I have the same experience as Ted. Tested with Chrome, Firefox and MS Edge on Windows 10 x64.
Hi. I have that too on Safari 10.0.1. Mac OS Sierra
Found it! A stray comma. Thanks guys. That should be fixed now, although it might be cached in your browser for a few hours.
I used Chrome and I.E. on Win 7.
Thanks for being open and honest with your readers. Way too many companies just never tell you the ugly truth about what happened.
By the way, never ever use password managers of any kind. Your best «password manager» is an old fashion paper note book where you write down your passwords and keep it in a safe place.
Website certificates are to be implemented on every website these days, especially when personal and/or sensitive data flow between servers and client browsers. Also, you should check the server’s security regularly, using tools like SSL Server Test ( http://www.ssllabs.com/ssltest/ ) from Qualys SSL Labs. It gives you very detailed information on how safe it is, or not, the server where your website is hosted. SSL Server Test rates the security from A+ to F (A+ the best, and F the worst, or not safe).
Cheers. 🙂
Better keep it in the very safe place JL, as your local burglar could have a field day! 😉
Thanks for the SSL Server Test. I’m glad to see my server’s A rated.
Thanks for the full disclosure–I wish more companies shared your perspective on that! Sorry this had to happen to you! What a rotten, stressful experience.
Some great suggestions for readers. While a paper list of passwords might sound like a paranoid-luddite suggestion, it’s certainly not the worst password manager (both Schneier and Krebs have talked about it being a reasonable approach, as long as it’s not kept in plain sight). However, most readers, will find the trade-off of security for convenience acceptable. A password manager is certainly better than using the same password for multiple websites.

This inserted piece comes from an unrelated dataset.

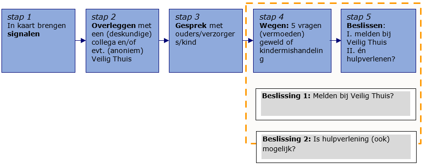 Onderstaand figuur toont de vijf stappen uit de Meldcode huiselijk geweld en kindermishandeling. Ter ondersteuning van de beslissingen in stap 5 is in stappen 4 en 5 een afwegingskader toegevoegd.

If I were going to advocate for a single security behavior that people could change, it would be replacing all of their password reset secret answers with values other than your actual (e.g.) “mother’s maiden name” etc., as that is a very real way that accounts are being hacked daily–those answers often really aren’t that secret. For a very old, but still viable method of answering these, see:
http://www.zephoria.org/thoughts/archives/2007/11/15/algorithms_for.html
Though I would add that your and wrappers around the true answer to the dumb question should probably be unique per-site, as if those values are stored in clear text, and the site is hacked, the hackers know your algorithm, and can try it with your email on various popular sites (gmail, facebook, paypal). Fun times we live in. Random strings for your answers are the most secure–written down, or stored in a password manager.
That’s a great suggestion David, thanks for sharing.
Thanks and thanks for your honest efforts.
Thanks, this article has been a massive help.